Dataset excerpts =>
----

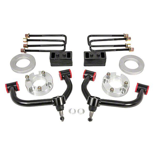 Quality Components. This suspension lift kit consists of tubular steel upper control arms with correct pivot angle, CNC -machined billet aluminum top strut extensions with a lower spring preload spacer that will control suspension travel while providing a comfortable ride. This kit also comes with cast iron rear lift blocks and rear U-bolts.
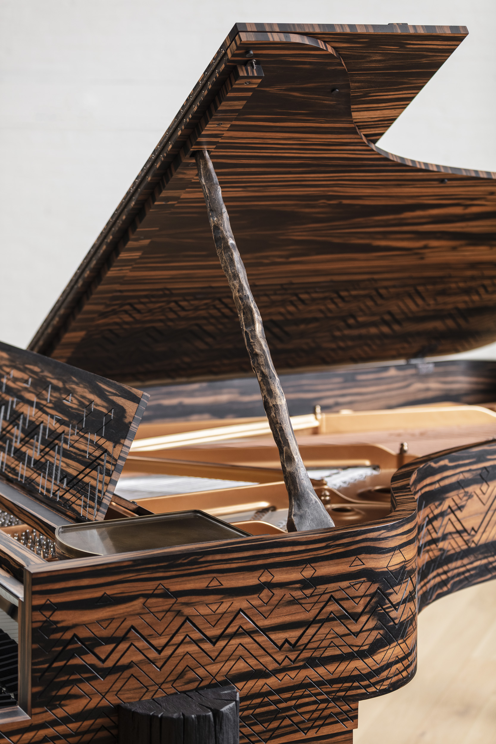 The piano is comprised of 15 layers of hard rock maple and rare Macassar ebony personally selected by Lenny Kravitz for the exterior. The Model B features hand-carved motifs on the piano rim, the inner lid, and music desk requiring over 200 hours of carving by Steinway artisans, and hand-carved, block-style piano legs in black ebony finish.
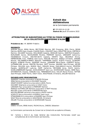 ATTRIBUTION DE SUBVENTIONS AU TITRE DU FONDS INTERRELIGIEUX DE LA COLLECTIVITE EUROPEENNE D'ALSACE
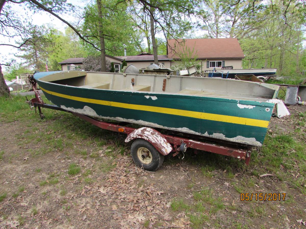 This is a cool classic 1957 AeroCraft. There is no damage to the boat, it would look great restored or use it for everyday fishing, the green paint will powerwash off. It is 16' long.
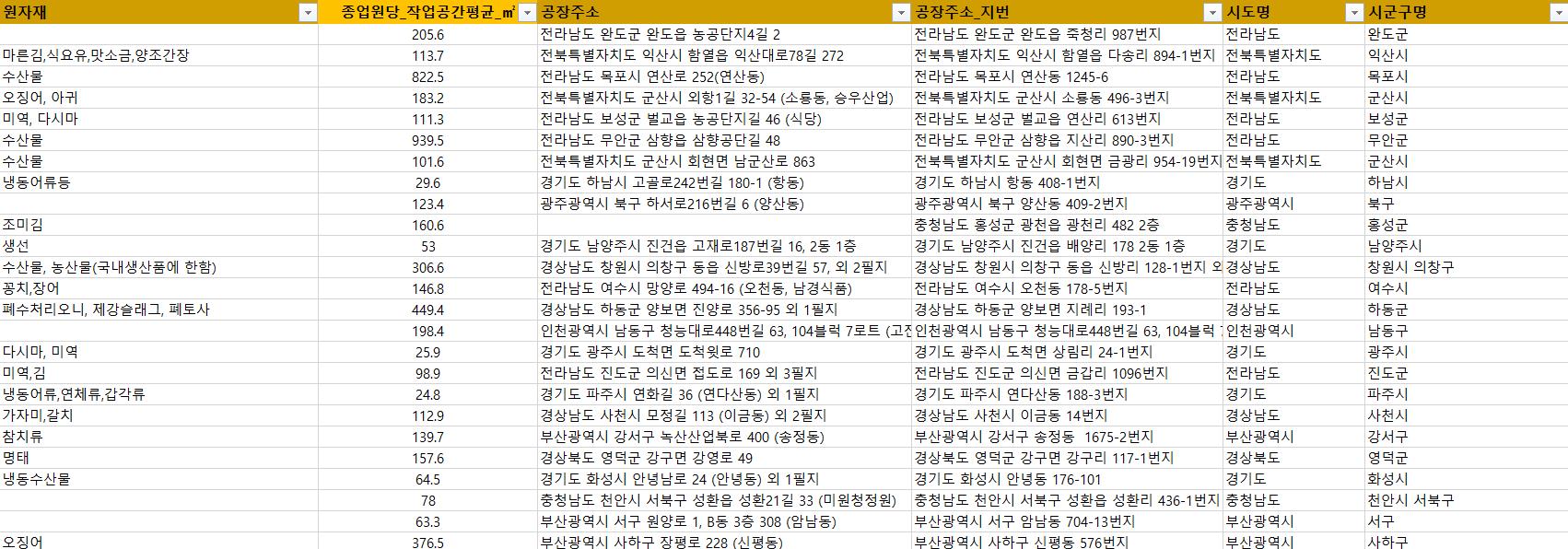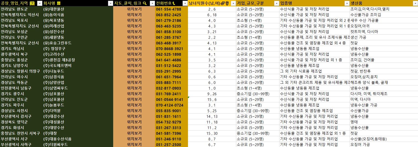 1. 초정밀 필터링! 수십만 건 데이터 속에서 추출한 수산물 제조업체 리스트로,

----

Required action => Please copy out the whole listing exactly as it stands, minus the pictures.

Response below =>
 Quality Components. This suspension lift kit consists of tubular steel upper control arms with correct pivot angle, CNC -machined billet aluminum top strut extensions with a lower spring preload spacer that will control suspension travel while providing a comfortable ride. This kit also comes with cast iron rear lift blocks and rear U-bolts.
 The piano is comprised of 15 layers of hard rock maple and rare Macassar ebony personally selected by Lenny Kravitz for the exterior. The Model B features hand-carved motifs on the piano rim, the inner lid, and music desk requiring over 200 hours of carving by Steinway artisans, and hand-carved, block-style piano legs in black ebony finish.
 ATTRIBUTION DE SUBVENTIONS AU TITRE DU FONDS INTERRELIGIEUX DE LA COLLECTIVITE EUROPEENNE D'ALSACE
 This is a cool classic 1957 AeroCraft. There is no damage to the boat, it would look great restored or use it for everyday fishing, the green paint will powerwash off. It is 16' long.
 1. 초정밀 필터링! 수십만 건 데이터 속에서 추출한 수산물 제조업체 리스트로,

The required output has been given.